CICI

Jan 4, 2023

CICI is an package for Causal Inference with Continuous Interventions.

It facilitates estimation of counterfactual outcomes for multiple values of continuous interventions at different time points, and allows plotting of causal dose-response curves (CDRC). It can address positivity violations through weight functions.

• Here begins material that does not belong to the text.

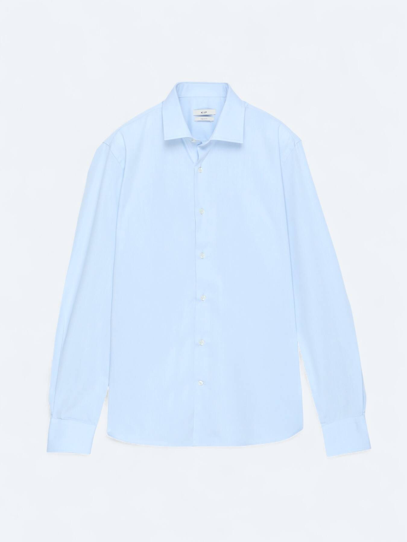 Orta Mavi Regular Fit Dokuma Klasik Pamuk Karışımlı Gömlek - 1

The package implements the methods described in Schomaker, McIlleron, Denti and Díaz (2023), see here. It can be used for non-continuous interventions too. Briefly, the paper describes two approaches: the first one is to use standard parametric $g$-computation, where one intervenes on multiple values of the continuous intervention, at each time point. This approach may be complemented with diagnostics to understand the severity of positivity violations. An alternative approach is to use sequential $g$-computation where outcome weights redefine the estimand in regions of low support. Note that developing $g-$formula-based approaches for continuous longitudinal interventions is an obvious suggestion because developing a standard doubly robust estimator, e.g. a TMLE, is not possible as the CDRC is not a pathwise-differentiable parameter; and developing non-standard doubly robust estimators is not straightforward in a multiple time-point setting.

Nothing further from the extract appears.